EXERCISE DATA section start
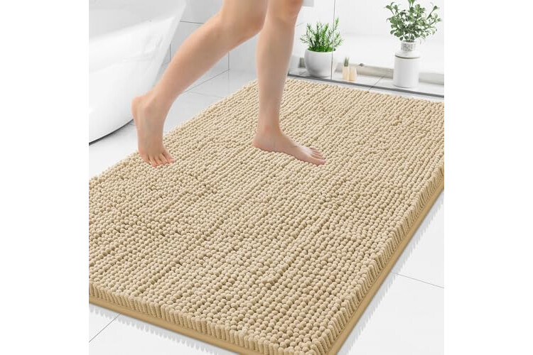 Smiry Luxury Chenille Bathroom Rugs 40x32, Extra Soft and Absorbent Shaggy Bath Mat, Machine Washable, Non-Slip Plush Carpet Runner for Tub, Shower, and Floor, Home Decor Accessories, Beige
EXERCISE DATA section end
EXERCISE DATA section start
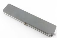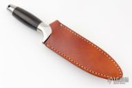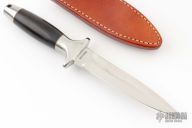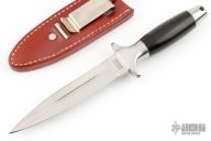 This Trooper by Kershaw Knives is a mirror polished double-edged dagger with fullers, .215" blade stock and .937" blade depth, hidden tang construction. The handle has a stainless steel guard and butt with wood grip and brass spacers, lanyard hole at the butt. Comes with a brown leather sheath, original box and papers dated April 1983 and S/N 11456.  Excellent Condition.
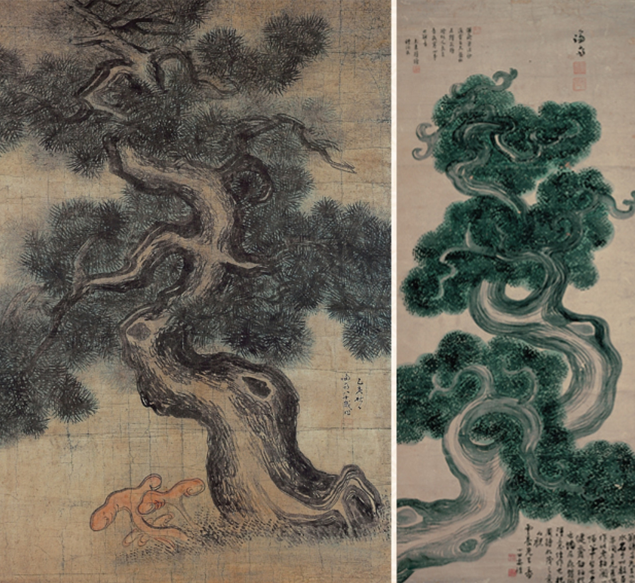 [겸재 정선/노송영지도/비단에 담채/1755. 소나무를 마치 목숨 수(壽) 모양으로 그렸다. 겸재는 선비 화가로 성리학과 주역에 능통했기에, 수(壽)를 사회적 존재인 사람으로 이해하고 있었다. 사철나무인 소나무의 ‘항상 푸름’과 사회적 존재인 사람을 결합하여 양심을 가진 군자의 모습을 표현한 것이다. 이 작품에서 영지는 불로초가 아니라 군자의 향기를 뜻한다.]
EXERCISE DATA section end
TASK DESCRIPTION –
Nothing but the lines above from the line with "This Trooper by" up to and including the line with "[겸재 정선/노송영지도/비단에 담채/1755." should be returned, exactly as written and without pictures.

ANSWER SECTION –
 This Trooper by Kershaw Knives is a mirror polished double-edged dagger with fullers, .215" blade stock and .937" blade depth, hidden tang construction. The handle has a stainless steel guard and butt with wood grip and brass spacers, lanyard hole at the butt. Comes with a brown leather sheath, original box and papers dated April 1983 and S/N 11456.  Excellent Condition.
 [겸재 정선/노송영지도/비단에 담채/1755. 소나무를 마치 목숨 수(壽) 모양으로 그렸다. 겸재는 선비 화가로 성리학과 주역에 능통했기에, 수(壽)를 사회적 존재인 사람으로 이해하고 있었다. 사철나무인 소나무의 ‘항상 푸름’과 사회적 존재인 사람을 결합하여 양심을 가진 군자의 모습을 표현한 것이다. 이 작품에서 영지는 불로초가 아니라 군자의 향기를 뜻한다.]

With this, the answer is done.